Review by Simeon Shoul

The final book of the Tawny Man trilogy, and the last cover scanvolume in the nine-book sequence of the Farseers, is a long awaited and richly rewarding climax to one of the landmark fantasies of the last decade.

As the book opens, FitzChivalry Farseer, bastard scion of the ruling family of the Six Duchies, braces himself to accompany Prince Dutiful to the Outislands, to help him win the hand of the Princess Elliana by slaying the Dragon Icefyre. Things, of course, are not quite as simple as that. There are secrets buried behind Elliana's demand for Icefyre's head, and unexpected oppositions among the Outisland clans. Then again, Fitz also has to keep control of the rest of his life and try to keep a lid on the tangled mess of secrets that compose his past.

His relationships with his daughter Nettle, and her half-brother Swift, son of Fitz's old mentor Burrich, each of whom has their own special magic to contend with, are difficult enough. But then he has to manage the temperamental complaints of the magical half-wit, Thick, the machinations of the old assassin, Chade, the ongoing rumbles of dissent swirling around Queen Kettricken's acceptance of the previously despised Old Blood magicians, and last but not least, try to keep his childhood friend, The Fool, from accompanying the Prince's party.

In a book that echoes with past events and old relationships, it is the deep, intricate, painful dance between Fitz and the Fool that constitutes its heart.
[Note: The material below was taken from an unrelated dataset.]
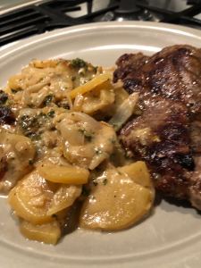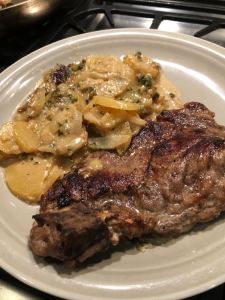 Ce fût excellent, la viande était tendre et le gras était à tomber. Il ne restait plus qu’un petit nonosse dans mon assiette. Je ne veux plus une autre viande de porc quand je cuisine des côtelettes.

There's room for more than one passion in this story, but this is the central one. The Fool, who has been the hidden spur to so much of the action, is approaching his moment of finality. Prophetic and driven, he has long foreseen his own death, and now goes to meet it, despite everything Fitz can do to hold him back.

This is a book that has everything you want in a Fantasy novel. It has the spectacle and grandeur of challenging travel and wild landscapes. It has the intrigue of novel cultures and hidden conspiracies. It has deep mysteries and long-concealed motives. It has sharp, rousing fights, and old, malicious evils. It also has painful departures, heroism and final, deeply deserved rewards and restitutions. It is beautifully written, and perfectly paced. At the end all the old secrets have been revealed, but not forced, and the wait has been well worth it.

There are very few other writers in the genre who can match Hobb for such fine-tuned, meticulously plotted, satisfying, epic fantasy. Kate Elliot is perhaps her only peer. (Robert Jordan is an also-ran by comparison; Feist? Don't talk to me about Feist!) Over a nine-volume sequence, naturally enough, there have been slower books, and uneven patches, but the whole adds up to a striking piece of work, and this final instalment is riveting.

In sum? First rate work, from one of the best writers of our genre and our day.